Search + Local Discovery Are Back (Because People Are Looking for “What to Do”)

Search and Local Discovery Are Back—Especially for Free Cultural Events

When social feeds feel overwhelming, people go back to what works: they search. “Free events this weekend,” “things to do in [city],” “family-friendly cultural events,” “museum events near me.”

For Florida cultural nonprofits, this is a huge opportunity—because search traffic is often higher-intent. People aren’t just browsing; they’re looking for a plan.

What’s changing (and why it matters)

  • More “what to do” discovery is happening in Google, Maps, and event listings.

  • AI summaries and richer results reward clear, structured pages.

  • Local intent is strong for community programming.

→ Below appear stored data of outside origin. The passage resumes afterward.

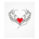 Corazón rojo pintado de forma artística con alas de ángel gris, decorado con un contorno suave negro.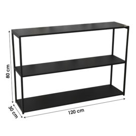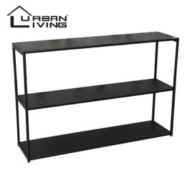 De Urban Living metalen boekenkast kun je gebruiken zoals de naam al zegt als boekenkast. Maar ook te gebruiken om jouw mooiste accessoires of andere mooie spullen tentoon te stellen. De kast is uitgevoerd in de kleur zwart en heeft een afmeting van 120 x 30 x 80 cm. Door zijn strakke look past de kast in elke interieur stijl. Op de drie planken heb je genoeg ruimte voor al jouw spullen.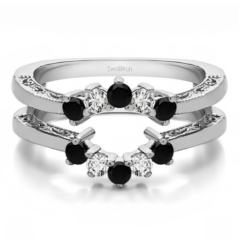 This wedding ring guard has 10 round, prong set stones. Each band measures 1.86 millimeters wide. This ring guard has 0.5 carats total weight. It is made to fit a round solitaire from 0.5 carats to 2, or a princess or marquise cut solitaire from 0.5 up to 1.5 carats.

Why it matters: If your event pages aren’t built for search, you’re leaving registrations and attendance on the table.

Your event page is an SEO asset (not just a flyer) A strong event page includes:

  • Clear title (what + who + where)

  • Date/time/location (and accessibility info)

  • Short description + what to expect

  • Registration CTA

  • FAQ (parking, cost/free, family-friendly, rain plan)

Local SEO basics (non-technical)

  • Keep your Google Business Profile updated.

  • Use consistent name/address/phone across listings.

  • Create location-aware content (Florida-wide, not just Miami).

How to measure success

  • Event page views

  • Registrations

  • Attendance

  • Email signups from event pages

If you want, we can run a quick “local discovery audit” and tell you which pages to fix first for the biggest lift in registrations.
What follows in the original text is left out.